Już wiadomo, że BMW R 1300 GS pojawi się na rynku. Mamy pierwsze nagrania z testów nowego modelu.
Boksery BMW z serii GS to hit, który okupuje pierwsze miejsca sprzedaży od lat. Praprzodek sprzedawanego obecnie R 1250 GS pojawił się na rynku już w 1980 roku a bawarski producent świetnie wykorzystał złoty okres Rajdu Paris – Dakar, aby swoją maszynę wypromować na ikonę motocykli wyprawowych.

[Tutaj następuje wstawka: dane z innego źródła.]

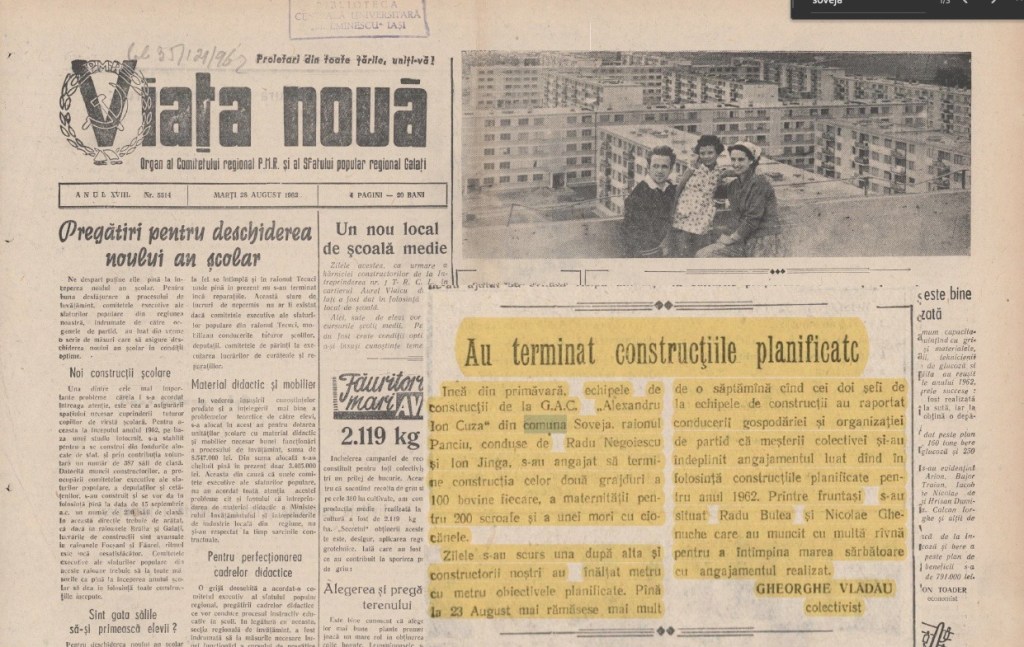 28 august 1962, „Viața nouă” din Galați anunță, prin vocea unui sovejan (Gheorghe Vlădău), că grajdurile de vaci ale GAC „Al. I. Cuza” au fost construite înainte de termen și că oameni de nădejde, meseriași sovejeni, fuseseră cei care puseseră umărul. Apar nume cunoscute nouă, celor de azi: Radu Negoiescu, Ion Jinga, Radu Bulea, Neculae…

Legendy Dakaru 1979 – 2000: Rajdowe BMW R 80 GS – narodziny gwiazdy [historia, dane techniczne]
Long Way Round
Kolejnym doskonałym posunięciem było udostępnienie motocykli BMW R 1150 GS na potrzeby wyprawy jaką obmyślili Ewan McGregor and Charley Boorman. Na przełomie lat 2004 i 2005 tych dwóch przyjaciół postanowiło ruszyć z Londynu do Nowego Jorku jadąc na około – poprzez Europę Wschodnią, Rosję i Syberię do Stanów Zjednoczonych. Cała wyprawa była filmowana a następnie emitowana w formie serialu dokumentalnego. Wyprawa, w trakcie której obaj podróżnicy pokonali 31 tysięcy kilometrów była śledzona przez miliony motocyklistów a BMW R 1150 GS stało się synonimem motocykla stworzonego do dalekich podroży.
R 1250 GS
Obecnie sprzedawany model, R 1250 GS, to absolutny hit sprzedaży. Wizytówka marki, silnik w układzie bokser, dysponuje mocą 136 KM i potężnym momentem obrotowym wynoszącym aż 143 Nm. Do tego mamy precyzyjnie działającą skrzynię biegów i bezobsługowy wał napędowy. Nie zabrakło też świetnego zawieszenia i czuwającej nad wszystkim, rozbudowanej elektroniki. To sprawia, że w mimo obecności na rynku od 2019 roku, popularność modelu nie spada i nadal jest to jeden z najlepiej sprzedających się motocykli w wielu krajach.
R 1300 GS
Pierwsze zapowiedzi modelu R 1300 GS pojawiły się już dwa lata temu, w 2020 roku. Teraz możemy podziwiać pierwsze, szpiegowskie nagrania tzw. osiołka testowego. To z kolei oznacza, że maszyna już dawno przestała być konceptem i obecnie trwają testy drogowe podwozia i silnika. Plotki mówią o kompletnie nowym silniku, który ma dysponować mocą około 150-160 KM. Nie wiadomo jeszcze nic o wyposażeniu czy ostatecznym wyglądzie nowej maszyny, jednak można spodziewać się, że charakterystyczny styl do jakiego przyzwyczaiły nas maszyny ze stajni BMW, zostanie zachowany. Pozostaje nam czekać na oficjalne informacje ze strony producenta i zacierać ręce w oczekiwaniu na możliwość przetestowania nowej bawarki.